SLAVE LAKE, Alta. - An Alberta man who could become the first person in Canada to be jailed indefinitely for impaired driving offences shook with fear and apologized in court Monday for killing a young mother and her three daughters in a head-on collision.

 

Raymond Charles Yellowknee, 35, was appearing at his sentencing hearing that could see him designated a dangerous offender.

 

Yellowknee pleaded guilty just over a year ago to four counts of impaired driving causing death, as well as to criminal flight from police and driving while suspended.

 

He had been drunk and driving a stolen pickup truck when he killed Misty Chalifoux, 28, her daughters Trista, 9, and Larissa, 6, and her stepdaughter Michelle Lisk, 13, on Jan. 20, 2006, near Slave Lake in northwestern Alberta.

 

Misty Chalifoux left behind a husband and two boys, including a child she was still breastfeeding.

 

"I apologize for all the hurt I've caused. I never meant to hurt anyone that night. I never thought it would cause this much trouble," Yellowknee said in a hushed voice. "Every time I see a cop car, I get scared. My scaredness turns to hurt.

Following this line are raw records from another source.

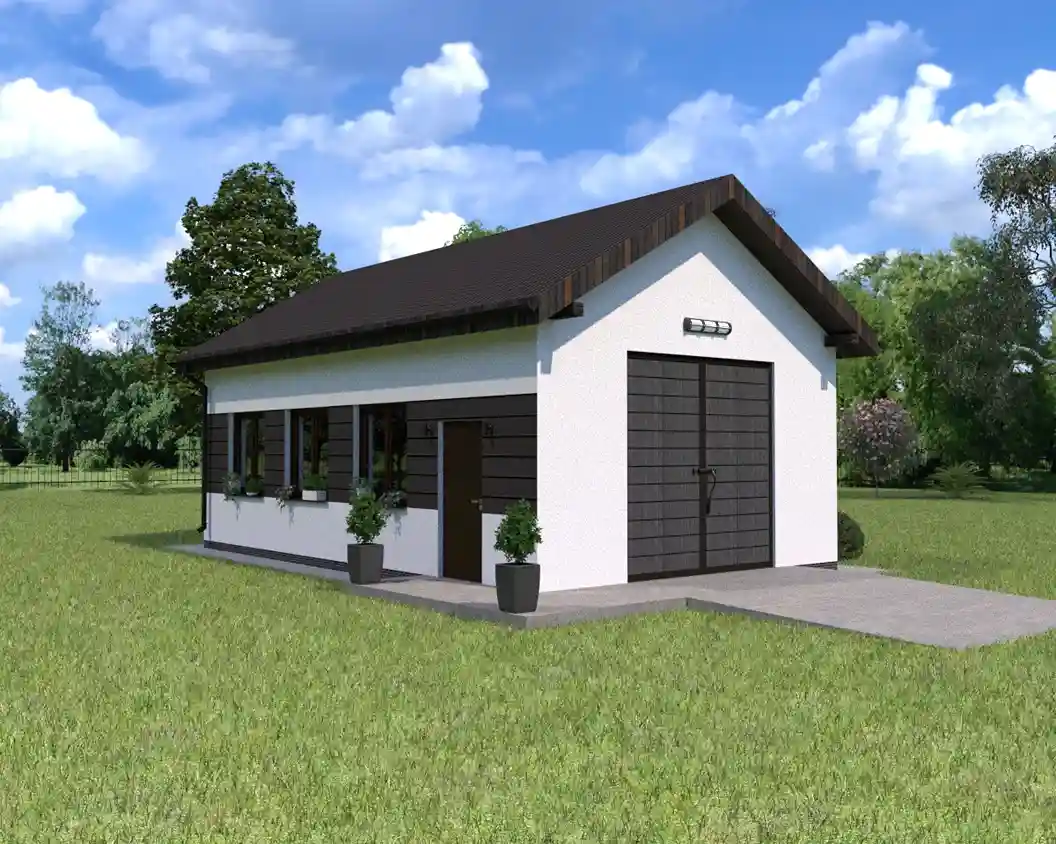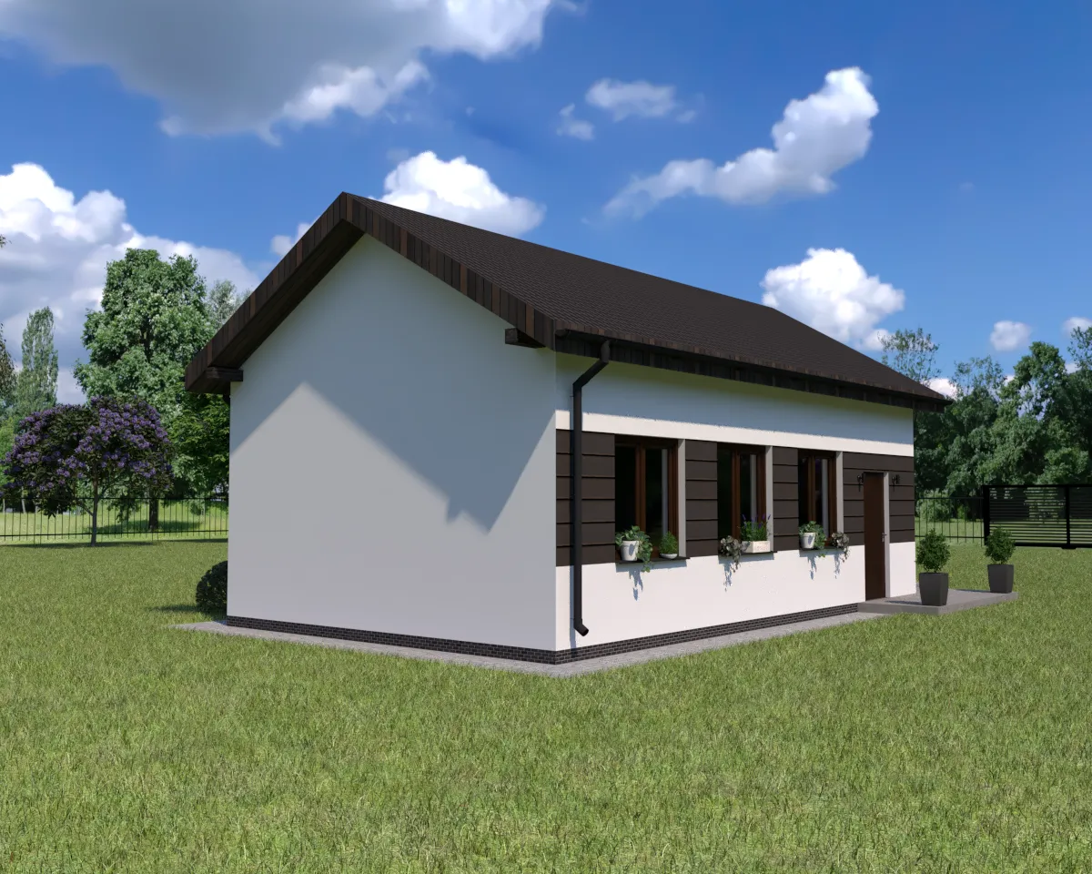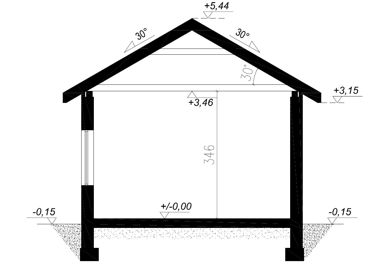 - Dach: dwuspadowy o kącie nachylenia 30°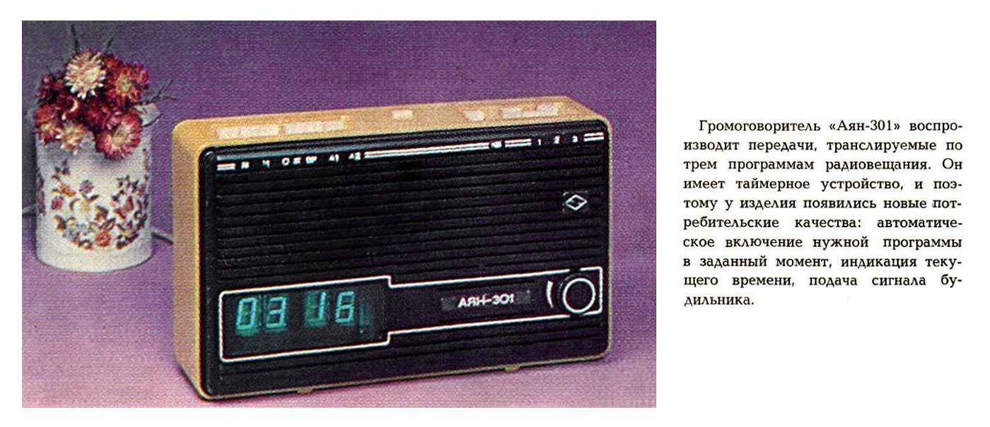 Приёмник трёхпрограммный *Аян-301* с таймером выпускался с 1983 года Тувинским машиностроительным заводом. Предназначен для прослушивания одной низкочастотной программы с усилением звука и двух высокочастотных, передаваемых по уплотнённой системе, а так же включение и выключение приёмника в заданное время и отображение текущего времени. На последней фотографии на плате отсутствует микросхема таймера.
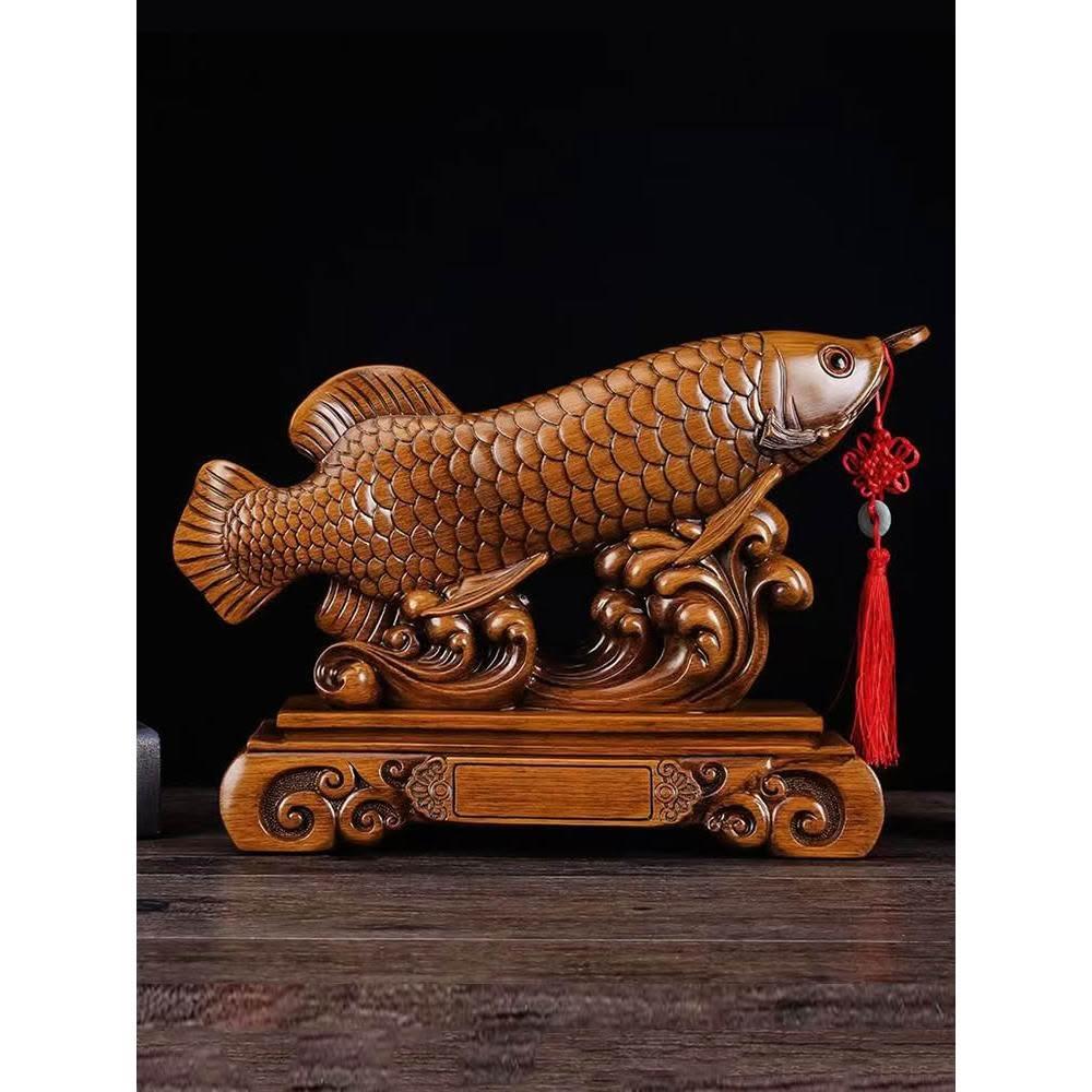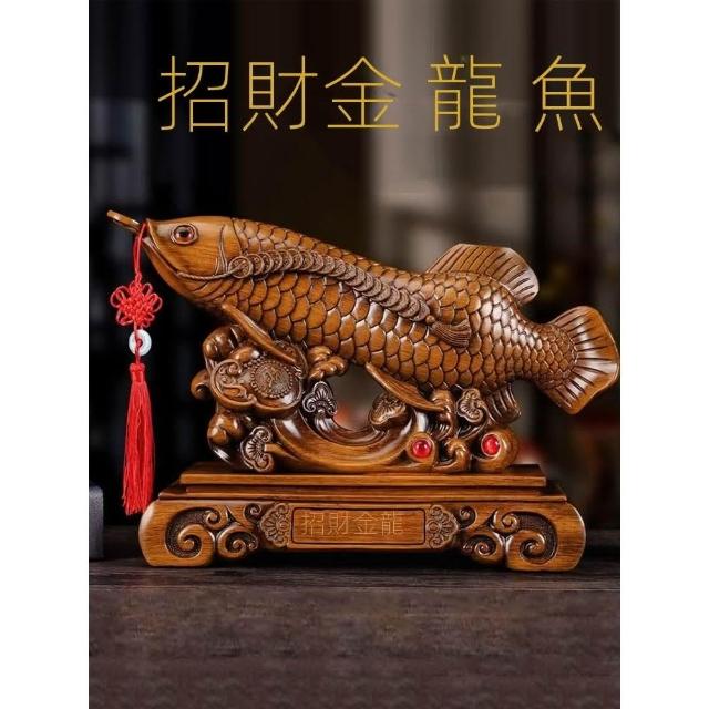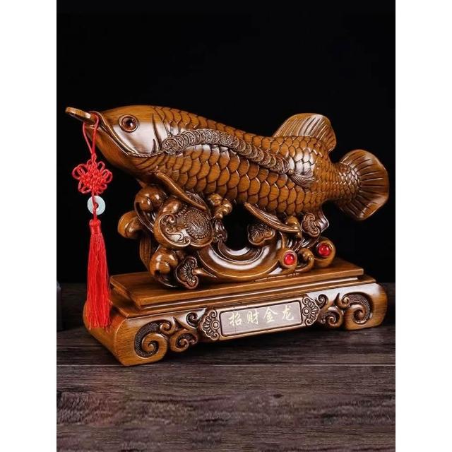 木紋招財金龍魚擺件落地擺件家居客廳裝飾品店鋪風水擺設開業禮品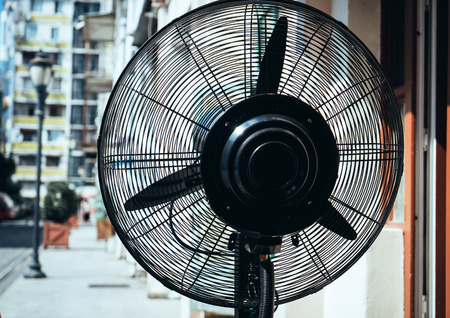 Vintage electric fan on the table in the living room. Shallow depth of field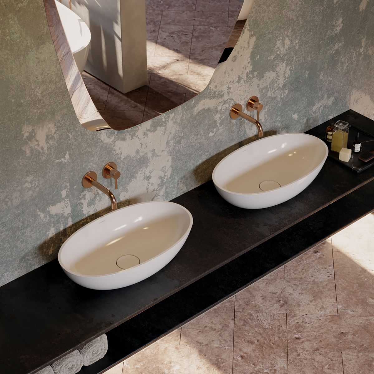 Die freistehende Badewanne aus der OMNIRES SHELL M+ Kollektion zeichnet sich durch eine moderne elliptische Form aus, die sich mit einer weichen Linie zur Basis hin verjüngt. Die minimalistische Form wirkt leicht und gleichzeitig solide und erzeugt den Effekt eines aus Fels gehauenen Monolithen. Das Innenprofil wurde so gestaltet, dass es Komfort beim Baden gewährleistet. Die Form ist mit soliden, präzise gefertigten 2 cm dicken Rändern versehen. Die Badewanne zeichnet sich durch eine niedrige Einbauhöhe aus, was den Komfort beim selbstständigen Ein- und Aussteigen oder beim Baden von Kindern erhöht. Sie verfügt über benutzerfreundliche Lösungen wie einen Siphon mit passendem Klick-Klack-Stopfen im Lieferumfang oder einen zentral angeordneten Abfluss, sodass zwei Personen bequem in der Badewanne entspannen können.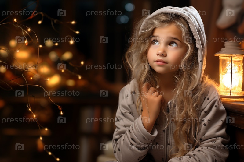 Портрет маленькой девочки в гостиной вечером, ожидающей чуда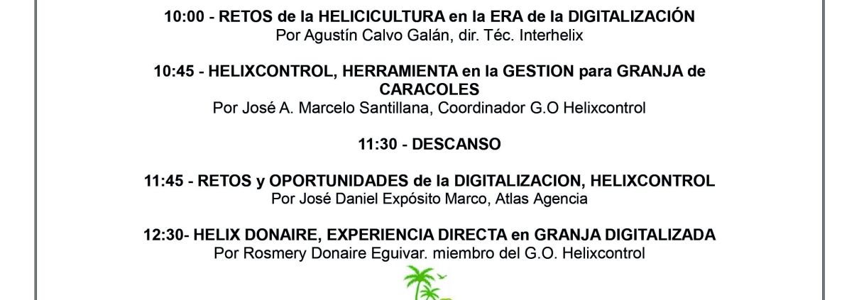 El programa abordará los principales retos y oportunidades que ofrece la digitalización al sector. La primera ponencia, titulada Retos de la helicicultura en la era de la digitalización, correrá a cargo de Agustín Calvo Galán, director técnico de Interhelix. A continuación, José A. Marcelo Santillana, coordinador del G.O. Helixcontrol, presentará la ponencia Helixcontrol, herramienta en la gestión para granja de caracoles, en la que se explicará el funcionamiento y utilidad de esta plataforma tecnológica.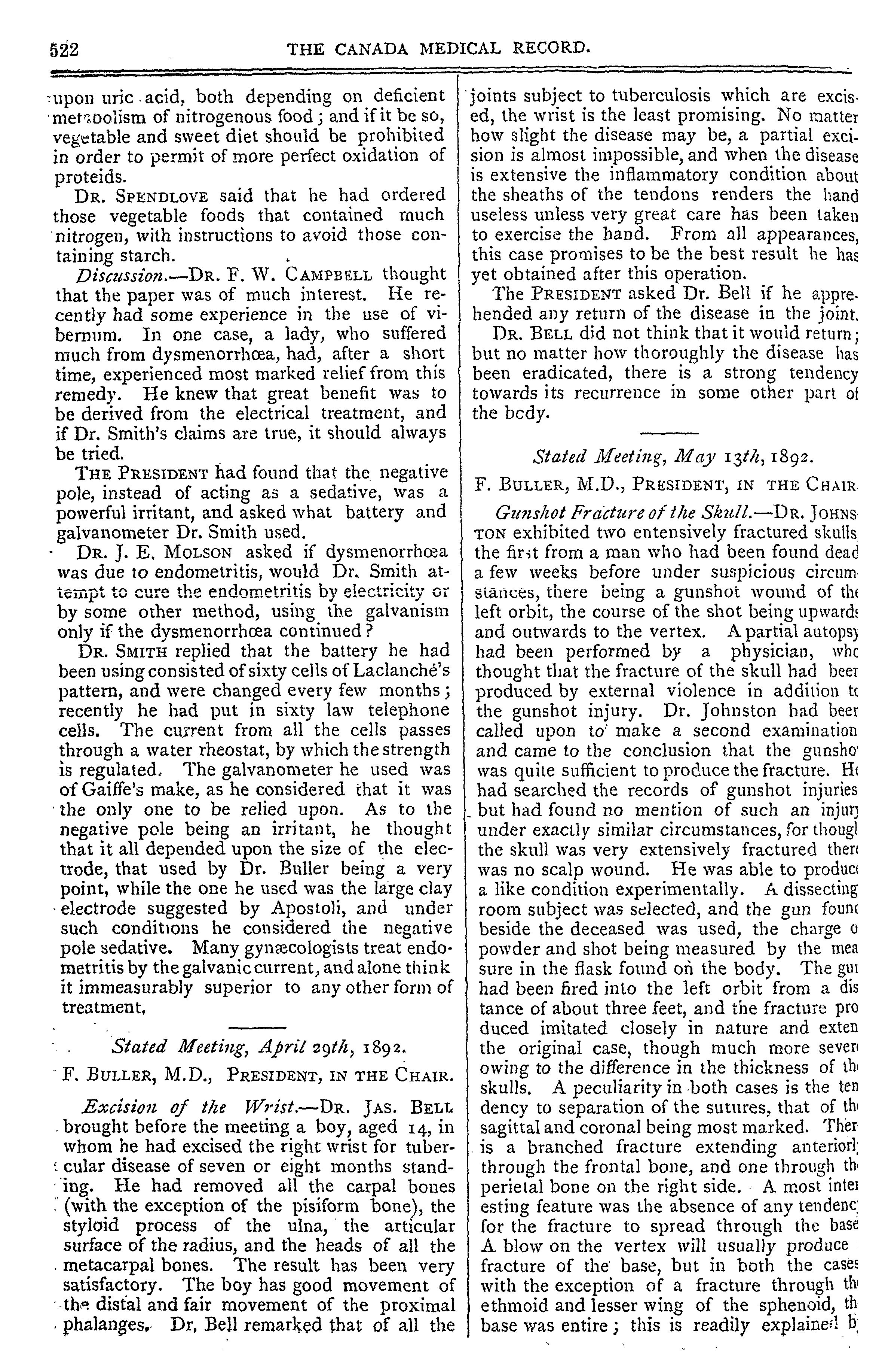 The Canada medical record : [Vol. 20, no. 10 (July 1892)]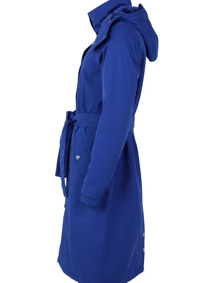 Inside, the raincoat has a fuzzy fleece lining, which makes the raincoat nice and warm. Note that the raincoat is nice and warm, but not as warm as our winter coats, as it does not have a thermal middle layer. The raincoat is thus intended for cold spring and autumn days, as well as winter days when it is not freezing cold. In colder winter weather, we recommend one of our waterproof winter coats.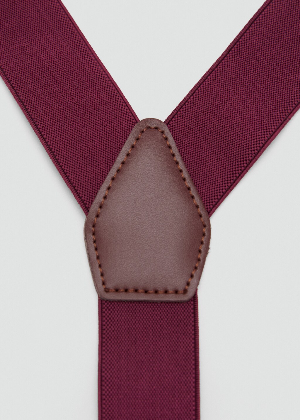 Adjustable elastic straps. Leather details. Metal clip hooks and button sticks.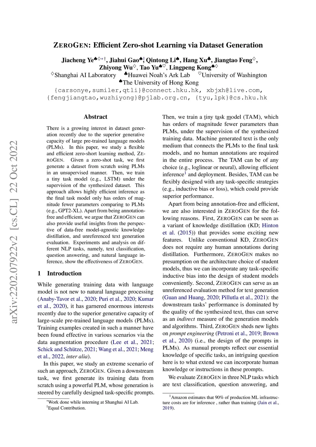 ZeroGen: Efficient Zero-shot Learning via Dataset Generation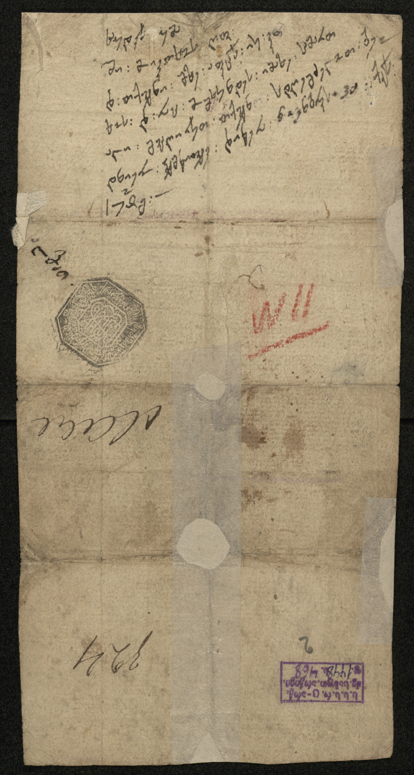 ქაღალდი ყავისფერი შესრულებული შავი მელნით.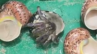 Ein freundlicher Mann hilft einem Einsiedlerkrebs, seinen Plastikdeckel zu verlieren, und bietet ihm einige Luxusoptionen.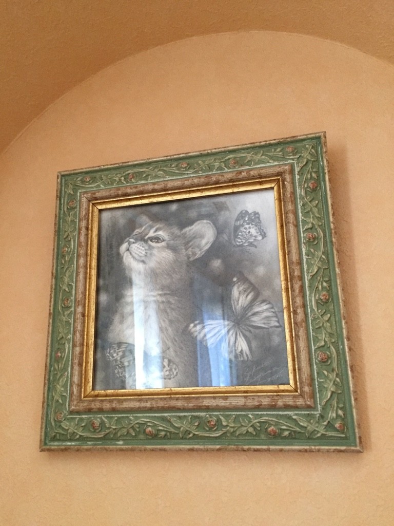 2階の部屋にかけている中井さんの鉛筆画"夢寝子(ゆめねこ)"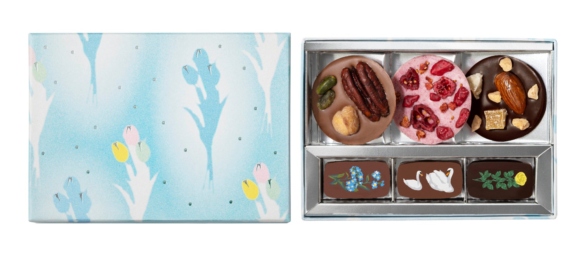 こころを満たす、”花”と”酒”と”チョコレート”。豊かな自分時間をテーマに、何気ない日常の4つのシーンに寄り添うチョコレートボックスが登場します。春を告げる鮮やかなミモザやチューリップ、カーネーションなど、フラワーカクテルをイメージした華やかなチョコレートに、フルーツやリキュールなど多彩な味わいが魅力的。パッケージにもこだわった可愛らしい詰め合わせがおすすめです。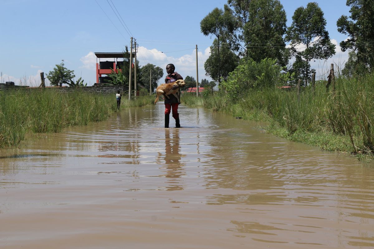 A man carrys his dog through a flooded road in Mbaruk to help is cross over. Photo taken on August 11,2025.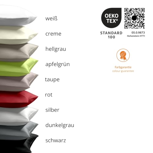 Confezione doppia di federe in 100% cotone a fili fini in qualità renforcé. Si distingue per una superficie liscia, morbida e piacevole al tatto e un'elevata assorbenza. Il materiale è adatto per le giornate calde e fredde ed è quindi un compagno ottimale per tutto l'anno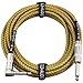GLS Audio 20 Foot Guitar Instrument Cable - Right Angle 1/4 Inch TS to Straight 1/4 Inch TS 20 FT Brown Yellow Tweed Cloth Jacket - 20 Feet Pro Cord 20' Phono 6.3mm - SINGLE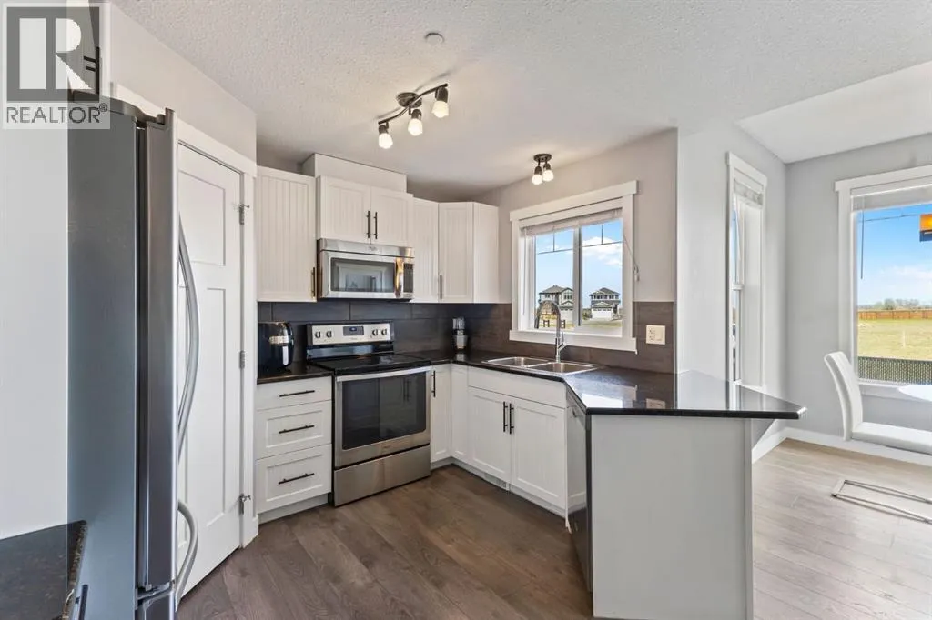 Welcome to this wonderful two-storey home located in the heart of the highly sought-after, family-friendly community of Lakewood. Designed with modern elegance and comfort in mind, this beautiful home features stylish contemporary décor and a bright, open-concept layout perfect for both daily living and entertaining.Step into the main floor and be greeted by a gleaming high ceilings. The white chefâs kitchen complete with granite countertops, ample cabinetry, and stainless steel appliances. Natural light floods the space through large windows, creating a warm and inviting atmosphere throughout the dining area and spacious living room, where a cozy gas fireplace serves as the perfect focal point.Upstairs, youâll find three generously sized bedrooms, including a luxurious ownerâs suite featuring a private 3-piece ensuite and ample closet space. The upper level provides a peaceful retreat for the whole family.The fully finished basement adds even more functional living space, offering a large recreation room ideal for movie nights, and a modern 3-piece bathroom,Outside, the private backyard is a true oasis, featuring low-maintenance landscaping and plenty of space for children and pets to play. Beautiful stonework which continues to a centre patio area of the backyard, is a focal feature of this outdoor space. Whether youâre hosting summer BBQs or enjoying quiet evenings under the stars, this outdoor area is ready for it all. (id:27476)
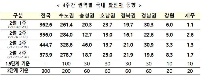 ▲ 최근 4주간 권역별 국내 확진자 동향. [출처= 중앙재난안전대책본부] |

I can't wake up out of my dreams about it."

 

RCMP said at the time of the crash that when Mounties tried to pull Yellowknee over, he drove off and lost control and then collided head-on with the Chalifoux vehicle.

 

In exchange for his guilty plea, eight other charges were dropped.

 

Dangerous offender status is usually reserved for the most violent criminals and sexual predators in the country.

 

Defence lawyer Laurie Wood says such a designation would go too far in this case. She says Yellowknee, who has three previous impaired driving convictions, is keen to get counselling and turn his life around.

 

Yellowknee told the court how he began drinking at 13 and was sent to an alcohol treatment program when he was 15. By the time he was 18, he was drinking even more heavily and getting into repeated run-ins with police.

 

Yellowknee said he has been free of drugs and alcohol since his incarceration in January 2006 and has promised he will never drink again or drive a vehicle. He said sobriety has made him happier and better able to deal with his personal and legal problems.

 

"I'm done with fighting," he said. "I want to start an autobiography of myself. Figure out where things went wrong, how I can help myself. I don't want to hurt anyone ever again."

 

The Crown suggested that Yellowknee made similar promises in his previous impaired driving cases, but failed to take advantage of substance abuse programs made available to him.

 

The group Mothers Against Drunk Drivers Canada, which is not part of the hearing, said Canadians must be protected against chronic impaired drivers.

 

"He is the poster child for drunk driving and dangerous offender status," said MAAD's Andrew Murie from Oakville, Ont.

 

In 2003, an Ontario man who was convicted of non-fatal impaired driving offences was the subject of a dangerous offender hearing, but accepted the lesser designation of long-term offender in a plea bargain.

 

MADD said about 1,300 people die each year because of impaired drivers in Canada and another 68,000 are injured. Those numbers have remained stable for the last five years, Murie said.

 

The hearing was to continue Tuesday.